Salaam-Blyther’s colleagues from the private sector shared her optimism. Andy Wilson of the Abbott Fund astutely pointed out that just 5 years ago, you would be hard-pressed to find a room of Global Health experts so intently discussing domestic resource mobilization. In its 15-year long relationship with the Tanzanian government, Abbott Fund has found that partnering to develop new external auditing systems and Monitoring & Evaluation guidelines fostered innovation and efficiency in public hospitals. Ambassador John Simon of Total Impact Capital highlighted that point. For him, an inefficiency is that often times, the private sector does not realize how burdening the high cost of healthcare can be for both employees and consumers.  Donors can disrupt this cycle of inefficiency, in turn providing higher quality, more accessible care, just by providing their funds in an innovative way. One non-traditional idea he provided: moving payments for healthcare services to a mobile app platform.

2) Context and Integration Matter

 Questions from the audience

Questions from the audience

As a longtime senior civil servant to DFID, Simon Bland, the Director of the UNAIDS New York office, acted as the panel’s expert voice on integration. His comments seemed framed in an effort to remind all of us in the room that these creative, at times convoluted, financing mechanisms are coming from a place of real vision. That vision is the attainment of the Sustainable Development Goals. The SDGs build on the MDGs in many ways, but perhaps the most important way is their particular focus on those who were left behind in the MDG era. With that in mind, Bland pushed his fellow panelists and the audience to realize that we’ll never reach those whom the MDGs left behind if we approach the SDGs in the exact same way.

This was more than just a poignant criticism of the status quo, but an excellent reason why these conversations on innovation are so important. The SDGs beg stakeholders to be more targeted in its approach, and Bland argues that if you intend to do that through investing, you can do it most effectively by understanding the politics and geography of poverty. It seems obvious, but in reality this is a complete shift of the paradigm of the MDGs; in Bland’s words, “to effectively transition from the MDGs to the SDGs, we need to start thinking differently than the North-South, Donor-Recipient paradigm.” For all the criticism that the SDGs have received for being so lengthy, we must recognize that they force integration—you won’t achieve 17 goals by thinking of them as isolated from one another—and we need to force financing flows to act in that same integrated way. Failure to do so entirely misses the point of the SDGs in the first place!

3) Even the most innovative approaches cannot succeed where trust and confidence is missing.

So you have the resources, and you have the ideas to make those resources go farther than ever before. Sounds like a recipe for success! There’s just one problem. Bilateral donors might be on board, and the governments of developing countries are more ready than ever to make major gains towards the SDGs, but all of this leg work is for naught if you don’t have the buy-in of civil society.

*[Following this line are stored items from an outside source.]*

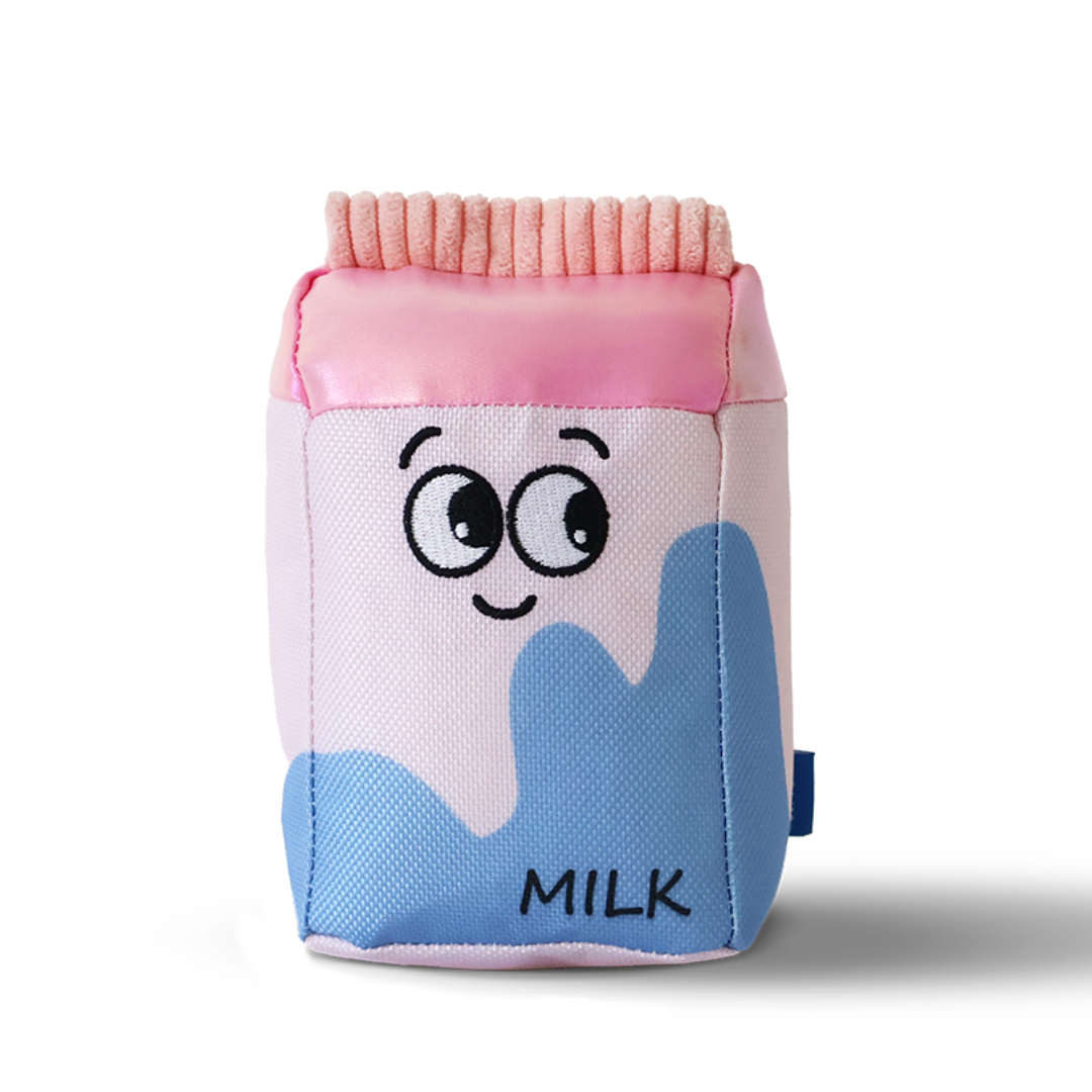Milk carton: A squeaky splash of fun - the perfect "pup milk" to pair with their espresso playtime!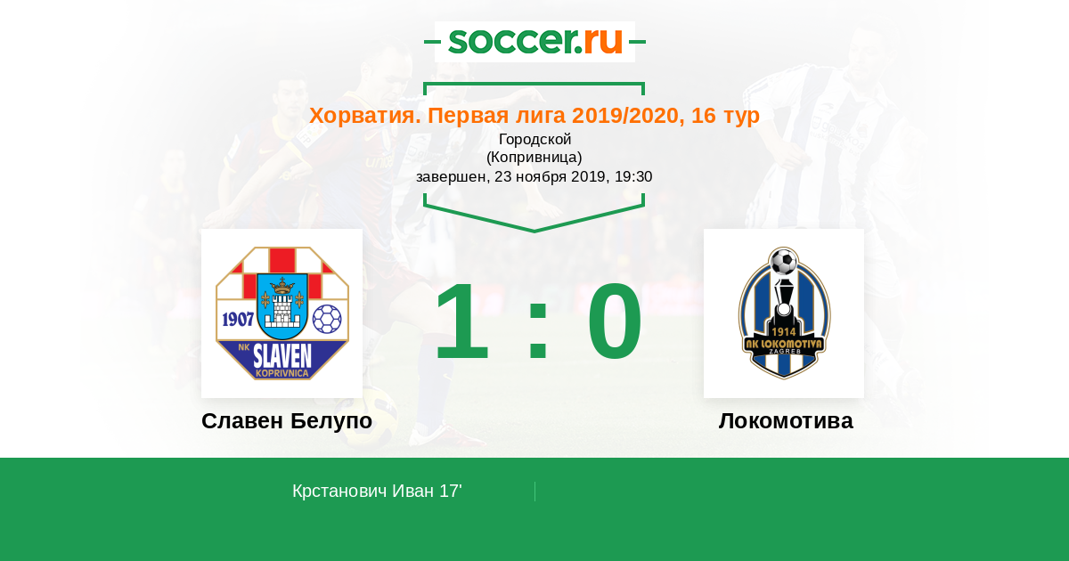 Протокол матча Славен Белупо против Локомотива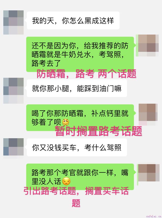 应用解读:1、面对女生发起的话题,在回答中融入两个可延展话题2、按照步骤以及女生戏说男生腿短,我们推进防晒霜的话题,暂时搁置路考的话题3、通过女生的聊天口吻,引出路考考官的话题,搁置买车以及防晒话题。
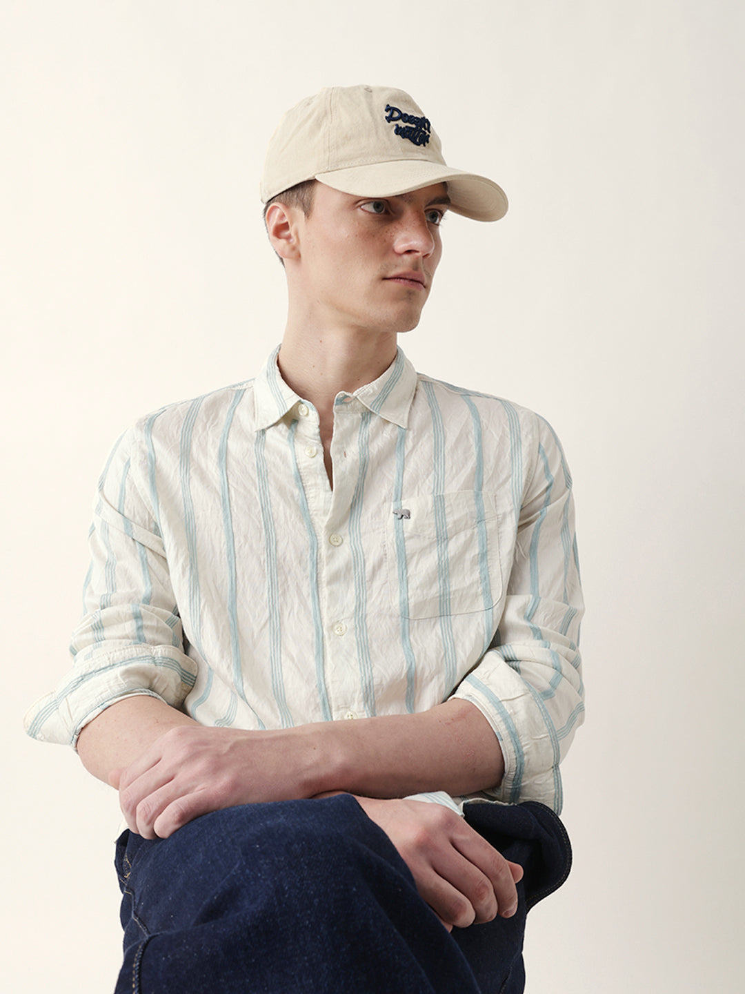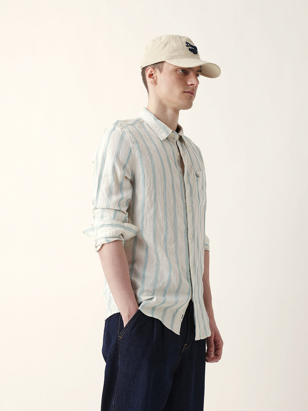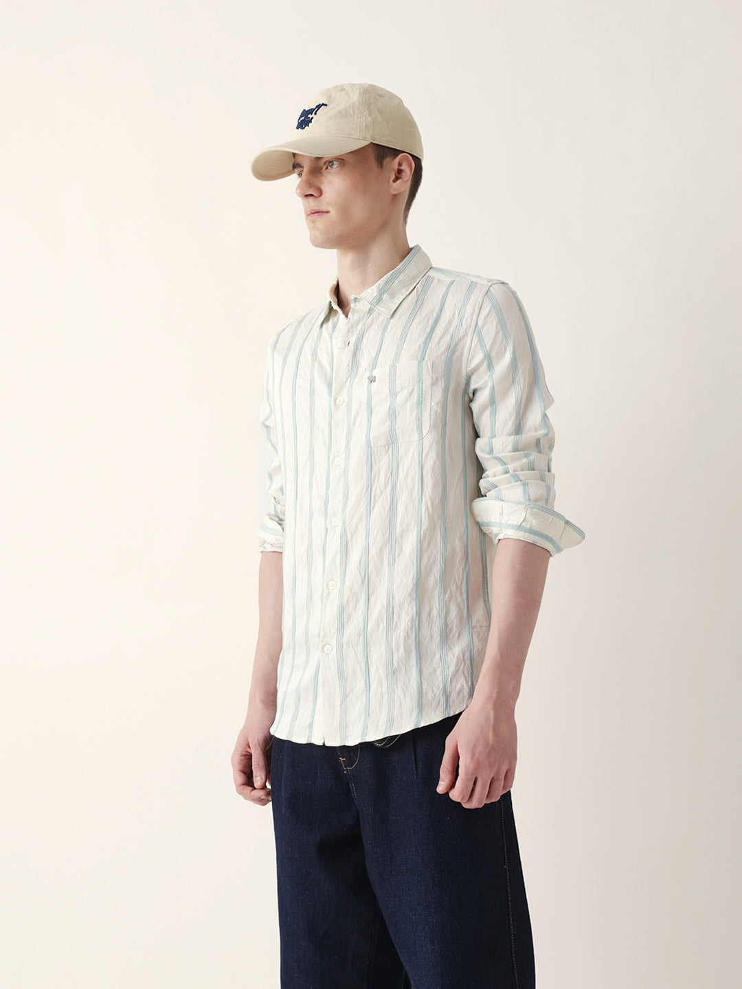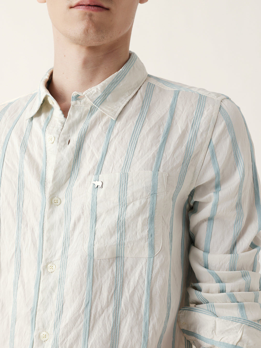 Teal & Cream Seersucker Vertical Pinstripe Slim Fit Casual Shirt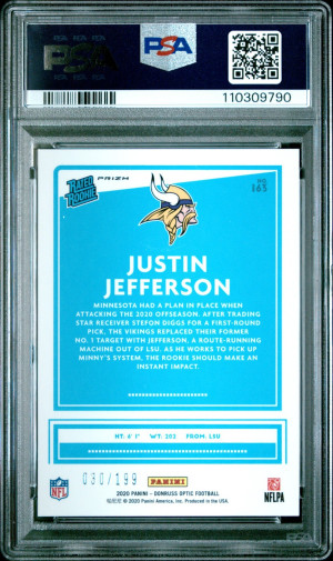 2020 Donruss Optic Justin Jefferson #163 Orange Short Print 30/199 Rookie PSA 9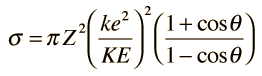 In aiming a beam of particles at a target which is much smaller than the beam, as in the Rutherford scattering experiment, the cross section takes on a statistical nature. Rutherford worked out the scattering cross section for alpha particles of kinetic energy KE scattering off a single nucleus with atomic number Z. The cross section for scattering at a greater angle than some chosen angle is

All of the panelists shared anecdotes of incidences where a lack of trust was the downfall of an otherwise promising health program. Andy Wilson gave one example; with the recent emphasis on Health Systems Strengthening, many governments are focused on the establishment of a health insurance system. However, in places where citizens have built a distrust of public services, they are unlikely to want to pay into a government system. Plain and simple: it’s really hard to mobilize domestic resources if your citizens don’t want to cough up those resources, and even harder the more a society is marred by a history of unaccountability. Any innovative financing mechanism will have to focus on bridging the trust gap just as much as bridging the financial one.

There is no better way to encompass the prevailing consensus from the panel than the exact way that moderator Amadou Sy of Brookings Institution did. The oft-cited saying rings true: “More money for health, more health for the money.” The challenge now is funneling that money into devices allowing it to reach each and every person the SDGs aspire to capture.